Let ‘S’ be the sample space. Then, n(S) = 52.
Let A, B and C be the events of getting a king, a heart and a red card respectively.
Then, n(A) = 4, n(B) = 13, n(C) = 26
∴ P(A) = \(\frac{n(A)}{n(S)}= \frac{4}{52}\)
P(B) = \(\frac{n(B)}{n(S)}= \frac{13}{52}\)
P(C) = \(\frac{n(C)}{n(S)}=\frac{26}{52}\)
n(A ∩ B) = 1, n(B ∩ C) = 13, n(C ∩ A) = 2, n(A ∩ B ∩ C) = 1
⇒ P(A ∩ b) = \(\frac{1}{52}\) ⇒ P(B ∩ C) = \(\frac{13}{52}\)
⇒ P(A ∩ B) = \(\frac{1}{52}\) ⇒ n(A ∩ B ∩ C) = \(\frac{1}{52}\)
We know–
P(A ∪ B ∪ C) = P(A) + P(B) + P(C) – P(A ∩ B) – P(B ∩ C) – P(C ∩ A) + P(A ∩ B ∩ C)

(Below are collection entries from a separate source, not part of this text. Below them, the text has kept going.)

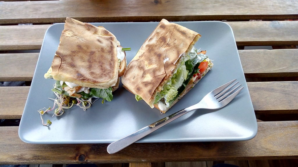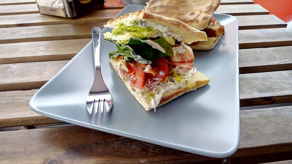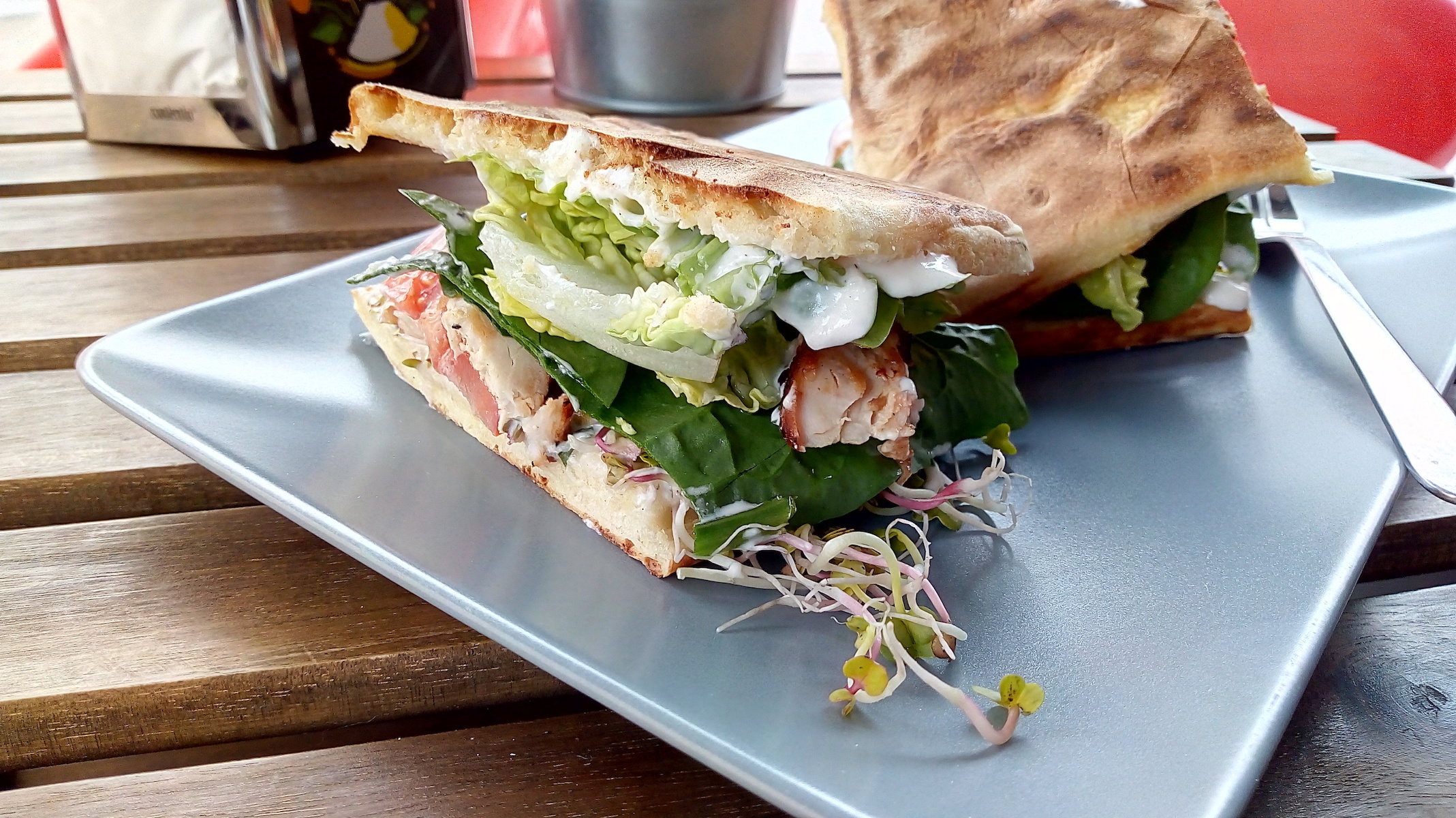 Zdecydowałem się na lekką mieszankę, w której skład wchodził grillowany kurczak, sałata lodowa, baby szpinak, pomidor, kiełki rzodkiewki i autorski sos na bazie jogurtu greckiego (cena 16 zł). To co otrzymałem na talerzu zaskoczyło mnie pozytywnie. Proziak jest prostokątny, przekrojony na dwie części i nie grzeszy skromnym wkładem. Placek jest ładnie wypieczony z zewnątrz, odpowiednio chrupki, zaś środek wzorowo miękki. Po pierwszym gryzie jest dobrze. Grillowany kurczak nie jest suchy, ale zabrakło w nim większej soczystości. Warzywne dodatki są świeże, chrupiące i razem z sosem odpowiednio nawilżają całość. Za każdym kolejnym gryzem smaki powtarzały się 1:1 i tak było do samego końca. Dwa razy zdarzyło się, że kawałek pomidora i kurczaka spadł mi na talerz – myślę, że jakby proziak byłby bardziej sprasowany z dodatkami to można byłoby zapomnieć o tego typu szczegółach. Mam jednak na uwadze, że proziaki w formie otwartej (tj. podwójnej kanapki) mają prawo ulegać grawitacji :)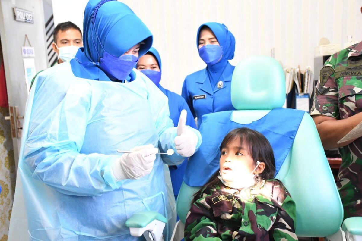 PADANG, METRO–Ketua Koordinator Cabang Korcab II Daerah Jalasenastri Armada DJA I Ny Amelia Endra Su­listiyono, melakukan pemeriksaan gigi langsung kepada murid TK Hang Tuah Lantamal II Kamis (10/2) di Dinas Kesehatan Diskes Lantamal II jalan Sutan Syahrir Kota Padang.
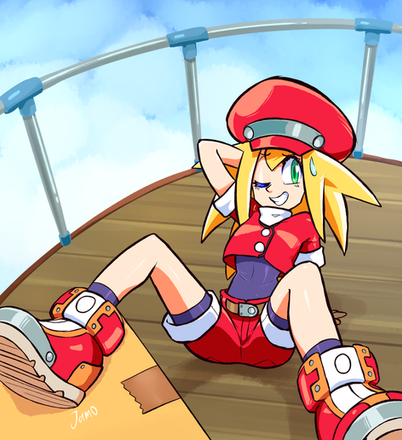 It was a beautiful day outside where the Flutter was docked. MegaMan Volnutt and Roll Caskett were currently seated at the table near the TV. MegaMan had on his bulky blue armor, and Roll was wearing her usual red shorts, crop shirt, and hat. He black under layer were also secured. But two things that were strangely missing from her current getup was her shoes and socks. Roll felt at ease and more comfortable being barefoot for the time being, as the cool, metallic floors felt nice after having worked the day before on fixing the ship.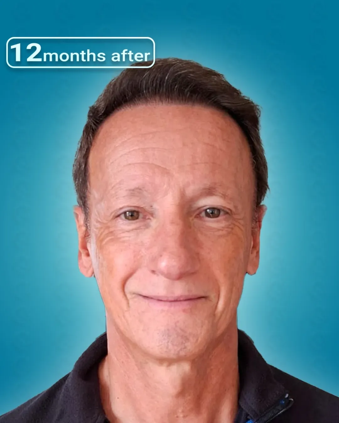 Das finale Ergebnis nach zwölf Monaten zeigt eine natürliche, gleichmäßige Haardichte mit einer harmonischen Haarlinie. Die transplantierten Haare sind vollständig angewachsen, fügen sich nahtlos in den bestehenden Haarbestand ein und sorgen für ein ästhetisches und langfristig stabiles Ergebnis nach der Behandlung bei der MedHair Clinic.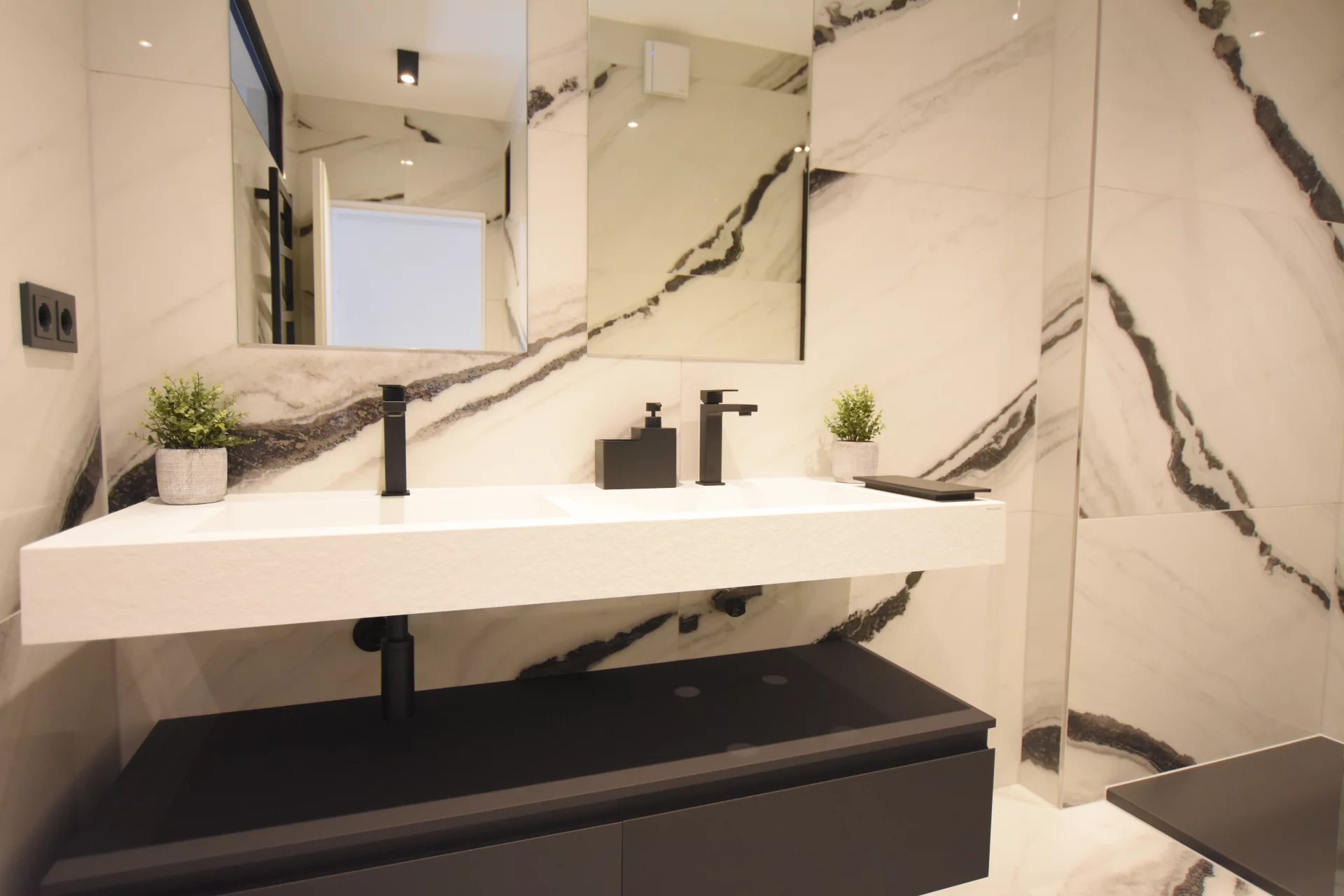 This exceptional property also features a bio-ethanol fireplace, a 55-inch TV, a prestige BINOVA kitchen with Siemens appliances, a wine cellar and a Nespresso coffee machine. The materials have been chosen with taste: Italian furniture and fittings, large-format Italceramica tiles, flush doors and top-of-the-range handles.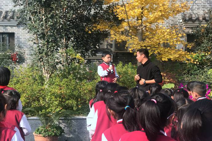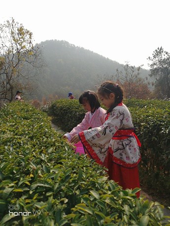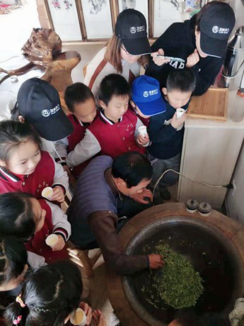 天成大院的后院是一片茶园,这里绿意盎然,茶香弥漫。孩子们身着汉服,徜徉其中,在茶树枝头寻觅娇嫩的绿芽,一捏一提一放,几个简单的动作,就将嫩茶尖儿撷入囊中。听茶道、闻茶香、品茶汤、观炒茶,孩子们连声夸香,啧啧称奇,第一次零距离全过程感受了传统茶文化。此刻他们播种的是好奇,收获的是传承。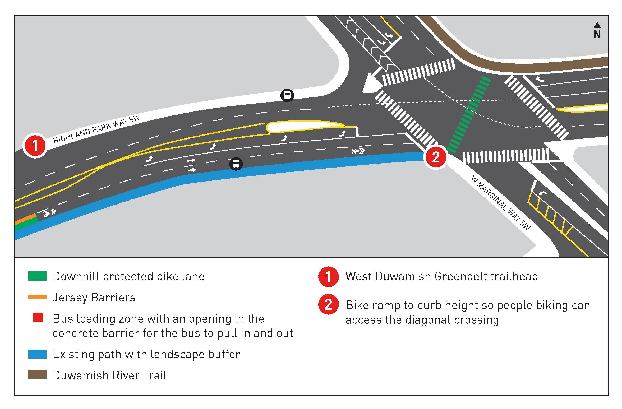 - New lane layout options to maintain traffic flow while slowing speeds and calming traffic, improve bike and pedestrian connection, and address wait times at W Marginal Way SW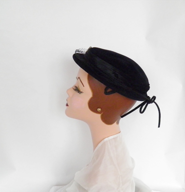 Black velour narrow brimmed roller with fan shaped rhinestone pin accent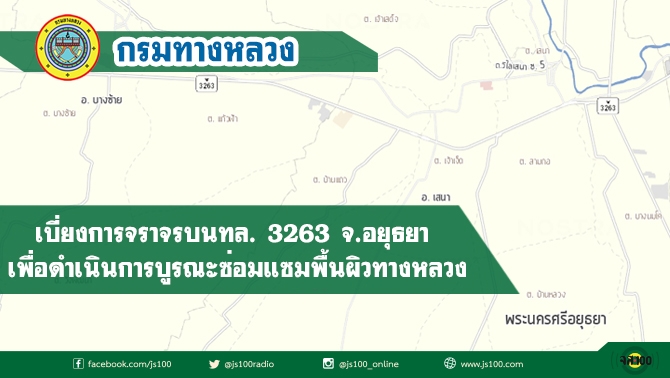 กรมทางหลวง โดยแขวงทางหลวงอยุธยา สำนักงานทางหลวงที่ 13 ได้ดำเนินการบูรณะซ่อมแซมทางหลวงหมายเลข 3263 สาย อำเภอเสนา – กม.36+626 (บ้านสาลี) ระหว่าง กม.25+000 – กม.35+500 ระยะทาง 10.5 กิโลเมตร ในพื้นที่จังหวัดอยุธยา กรมทางหลวงจึงมีความจำเป็นต้องเบี่ยงการจราจรชั่วคราว ระหว่าง กม.24+800 – กม.27+500 ระยะทางประมาณ 2.7 กิโลเมตร เพื่อทำการขุดรื้อถนนเดิมช่วงที่เสียหายออกและนำวัสดุใหม่ใส่ทดแทน ตั้งแต่วันที่ 5 กรกฎาคม 2559 ถึง วันที่ 2 กันยายน 2559 รวมระยะเวลาดำเนินการทั้งสิ้น 60 วัน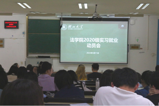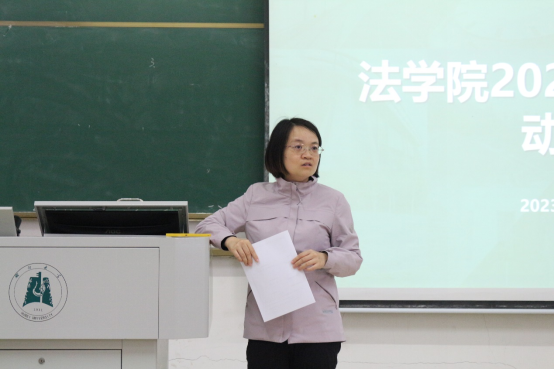 徐梦醒做2020级的实习动员。她指出,专业实习是学生培养的必修环节,分为学院组织的集中实习和自主联系的分散实习。她强调,实习要从事与法律专业相关的工作,在进行了为期十周的实习经历后,要填好专业实习手册,做到有图有真相。
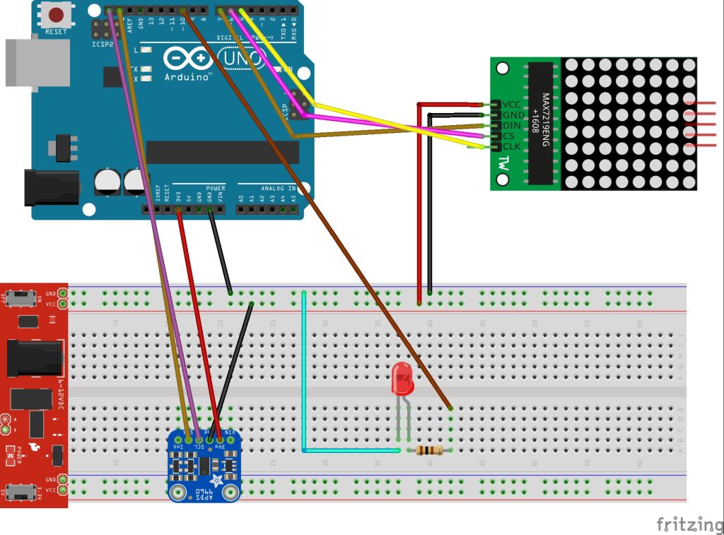 Bağlantılarımızı yaparken dikkat etmemiz gereken konulardan biri GY-APDS 9960 hareket sensörünün sadece 3.3V ile çalışmasıdır. 8×8 Dot Matrix’in yüksek güç tüketiminden dolayı harici bir kaynaktan beslemek daha iyi olacaktır. LED’I bağlarken direnç kullanımını da öneriyoruz. Kod bölümünde hareket sensöründen yön bilgisi alınır. Yön bilgisine göre zaman kesmesi kullanılarak dot matrix üzerinde yön gösterilirken led yanıp sönmektedir.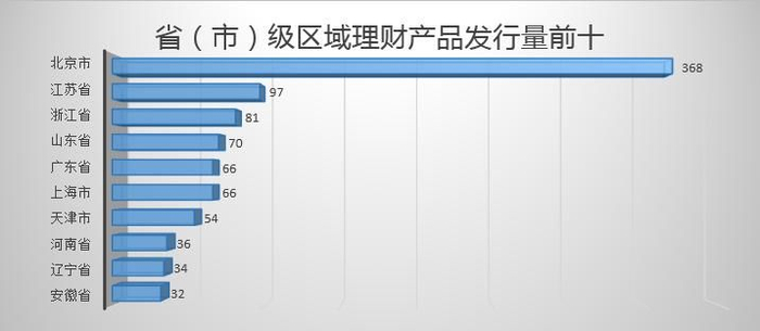 本周,北京发行量368款,环比上周少发29只;江苏省以97只产品位列第二,但与首位发行量相差悬殊;浙江省发行81只产品位居第三。从前十分布区域来看,大部分集中在沿海经济发达地区和一线城市。

= \(\frac{4}{52}+\frac{13}{52}+\frac{26}{52}-\frac{1}{52}-\frac{13}{52}-\frac{2}{52}+\frac{1}{52}\)
= \(\frac{28}{52}\)
= \(\frac{7}{13}\)
Thus, the probability of getting a king, a heart of a red card is 7/13.